Section 1 of the bill requires state agencies to prioritize awarding grants that satisfy a list of criteria described in the bill. Sections 2 and 3 require, beginning January 1, 2025, upon updating a county or municipal master plan, a county or municipality (local government) to include a climate action element in its master plan. A climate action element must include climate-related goals, plans, or strategies and a description of any money from the federal, state, or a local government that a local government has received for the implementation of any of the plans or goals described in the climate action element.
The bill requires a local government to provide the Colorado energy office (office) with the climate action element and then requires the office to deliver a copy of any climate element it receives to the department of local affairs, the Colorado department of transportation (CDOT), and any other state agency that the office determines.

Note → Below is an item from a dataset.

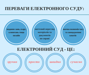 - Електронний суд як майбутня складова ЄСІТС – це один з важливіших публічних сервісів для громадян, оскільки передбачає новий раніше відсутній функціонал – можливість громадянам дистанційно (в електронному вигляді), не виходячи з дому чи перебуваючи в іншому віддаленому від суду місця, подавати позови до суду та отримувати в зворотному порядку від суду процесуальні документи.

Section 4 requires CDOT to coordinate with metropolitan planning organizations to establish criteria that define growth corridors and identify these growth corridors. Having identified these growth corridors, the department and metropolitan planning organizations shall coordinate with local governments to develop transportation demand management plans for these growth corridors. Section 5 makes 2 changes related to the statewide transportation plan. First, the bill requires the statewide transportation plan to include:
An examination of the impact of transportation decisions on land use patterns;
The identification of highway segments where promotion of context-sensitive highway permitting and design can encourage the development of dense, walkable, and mixed-use neighborhoods in transit-oriented centers and neighborhood centers; and
An emphasis on integrating planning efforts within CDOT to support multimodal transportation, neighborhood centers, and transit-oriented centers in infill areas as well as growth corridors through the associated transportation demand management corridor planning.
Second, the bill requires CDOT to conduct a study in connection with the statewide transportation plan that identifies:
Policy barriers and opportunities for the implementation of context-sensitive design, complete streets, and pedestrian-bicycle safety measures in locally-identified urban centers and neighborhood centers; and
The portions of state highways that pass through locally identified transit-oriented centers and neighborhood centers that are candidates for context-sensitive design, complete streets, and pedestrian-bicycle safety measures.(Note: This summary applies to this bill as introduced.)